En 2012, l’ex-caporale-chef avait déposé une plainte pour agression et harcèlement sexuel contre son supérieur, l’adjudant André Gagnon, pour des faits survenus en 2011. Il s’en est suivi une saga judiciaire qui se poursuit encore aujourd’hui.

Puisque les deux personnes concernées étaient membres des FAC et que l’agression alléguée s’est déroulée dans des installations militaires, c’est d’abord un comité de cinq militaires hommes qui a déclaré que M. Gagnon non coupable d’agression sexuelle.

La Cour d’appel de la Cour martiale avait annulé l’acquittement de l’adjudant et ordonné la tenue d’un nouveau procès. Cette décision a été validée par la Cour suprême à l’automne 2018 et le dossier a été transféré au civil.

Les chiffres dévoilés mercredi par Statistique Canada démontrent que les militaires sont encore nombreux à refuser de dénoncer l’agression dont ils ont été victimes par crainte de représailles. Cela peut s’expliquer par le fait que de nombreux incidents mettent en cause un superviseur ou une personne occupant un grade supérieur.

Mme Raymond convient qu’il est «plus difficile» de dénoncer les abus sexuels dans le monde militaire que dans la société civile.

«C’est propice à des dérapages, comme l’abus de pouvoir, l’alcool qui est bu sur les bases et la proximité, aussi. On vit ensemble du matin au soir, on va dormir ensemble dans des camps, on s’entraîne ensemble… C’est comme un monde à part», décrit-elle.

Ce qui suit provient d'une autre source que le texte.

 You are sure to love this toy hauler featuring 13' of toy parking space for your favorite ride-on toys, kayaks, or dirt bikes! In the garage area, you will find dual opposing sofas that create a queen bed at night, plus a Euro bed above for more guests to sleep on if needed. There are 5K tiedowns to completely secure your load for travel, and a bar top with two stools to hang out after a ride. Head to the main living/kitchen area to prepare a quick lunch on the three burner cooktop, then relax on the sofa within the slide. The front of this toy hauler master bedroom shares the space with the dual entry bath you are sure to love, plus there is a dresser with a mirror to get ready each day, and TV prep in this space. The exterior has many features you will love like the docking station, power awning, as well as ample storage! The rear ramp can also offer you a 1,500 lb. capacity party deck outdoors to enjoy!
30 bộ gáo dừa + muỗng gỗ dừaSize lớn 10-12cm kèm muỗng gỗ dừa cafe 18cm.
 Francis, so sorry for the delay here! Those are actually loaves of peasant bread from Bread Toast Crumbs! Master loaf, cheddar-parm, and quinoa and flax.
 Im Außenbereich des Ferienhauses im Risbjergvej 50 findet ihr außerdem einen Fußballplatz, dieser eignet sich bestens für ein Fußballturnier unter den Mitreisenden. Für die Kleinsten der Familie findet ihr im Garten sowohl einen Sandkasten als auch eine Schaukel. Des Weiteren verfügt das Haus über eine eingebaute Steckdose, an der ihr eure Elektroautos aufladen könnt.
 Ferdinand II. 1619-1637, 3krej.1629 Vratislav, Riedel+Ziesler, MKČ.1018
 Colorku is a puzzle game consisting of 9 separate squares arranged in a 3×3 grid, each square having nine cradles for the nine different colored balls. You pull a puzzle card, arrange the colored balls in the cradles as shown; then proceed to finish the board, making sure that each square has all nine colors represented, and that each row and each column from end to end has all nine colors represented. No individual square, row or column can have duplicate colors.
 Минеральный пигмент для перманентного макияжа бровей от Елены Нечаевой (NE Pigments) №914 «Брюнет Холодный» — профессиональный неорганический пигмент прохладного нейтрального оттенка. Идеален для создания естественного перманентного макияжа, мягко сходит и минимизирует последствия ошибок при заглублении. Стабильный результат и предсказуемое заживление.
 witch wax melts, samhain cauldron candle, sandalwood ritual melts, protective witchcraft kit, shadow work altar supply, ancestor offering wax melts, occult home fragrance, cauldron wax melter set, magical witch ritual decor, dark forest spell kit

«C’est difficile à comprendre pour quelqu’un qui n’a jamais été dans les Forces», ajoute-t-elle.

Pour combattre ce fléau, le chef d’état-major de la défense, le général Jonathan Vance, multiplie les efforts pour mettre sur pied des ressources de soutien. Un rapport sur l’opération HONOUR est publié à chaque année depuis quatre ans pour fournir une mise à jour sur les comportements sexuels inappropriés et criminels au sein de l’armée.

Mais cette opération donne de «faux espoirs» aux victimes d’agressions sexuelles qui espèrent obtenir justice, fait valoir Mme Raymond. À son avis, le problème réside plutôt dans le fait que le tribunal militaire enquête sur ses pairs.

Mme Raymond attend toujours des nouvelles à la suite de la décision de Cour suprême, mais elle se dit confiante de remporter sa bataille longue de huit ans. «C’est long à changer des moeurs, mais encore plus dans l’armée», dit-elle.